Question

In a survey of 447 registered voters, 157 of them wished to see Mayor Waffleskate lose her next election. The Waffleskate campaign claims that no more than 27% of registered voters wish to see her defeated. Does the 98% confidence interval for the proportion support this claim? (Hint: you should first construct the 98% confidence interval for the proportion of registered voters who wish to see Waffleskate defeated.) (0.299, 0.404)
A. No

B. Yes

Answer 1

Answer with explanation:

Let p be the true proportion of  registered voters wish to see Mayor Waffleskate defeated.

As per given , we have

$H_0: p\leq0.27\\\\ H_a: p >0.27$

Sample size : n= 447

Number of of registered voters wish to see Mayor Waffleskate defeated = 157

I.e. sample proportion :  $\hat{p}=\dfrac{157}{447}\approx0.3512$

Confidence interval for population proportion is given by :-

$\hat{p}\pm z^*\sqrt{\dfrac{\hat{p}(1-\hat{p})}{n}}$

, where n= sample size

$\hat{p}$ = sample proportion

z* = critical z-value.

Critical z-value for 98% confidence interval is 2.33.  (By z-table)

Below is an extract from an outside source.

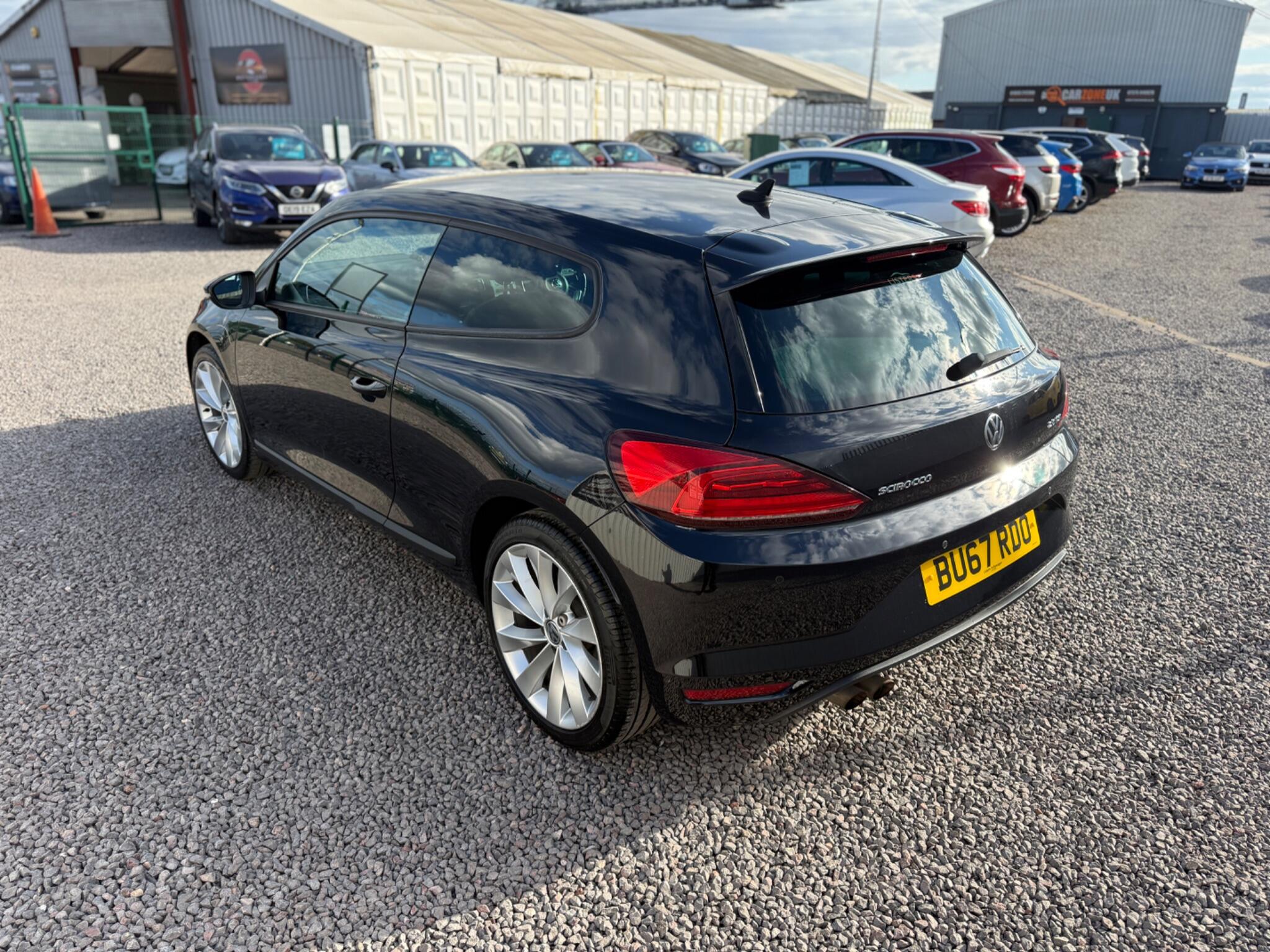 A well presented Volkswagen Scirocco GT finished in black, offering strong petrol performance, a smooth DSG automatic gearbox, and a sporty three door coupe design with everyday usability.

Then, the 98% confidence interval for the proportion of registered voters who wish to see Waffleskate defeated will be :

$0.3512\pm2.33\sqrt{\dfrac{0.3512(1-0.3512)}{447}}\\\\=0.3512\pm (2.33)(0.022577656)\\\\=0.3512\pm 0.05260593848\\\\=(0.3512-0.05260593848,\ 0.3512+0.05260593848)\\\\=(0.29859406152,\ 0.40380593848)\approx(0.299,\ 0.404)$

Since the 0.27 < 0.299 , it means 0.27 does not belong to the above confidence interval.

So , we reject the null hypothesis ($H_0$).

So ,  98% confidence interval does not support the claim.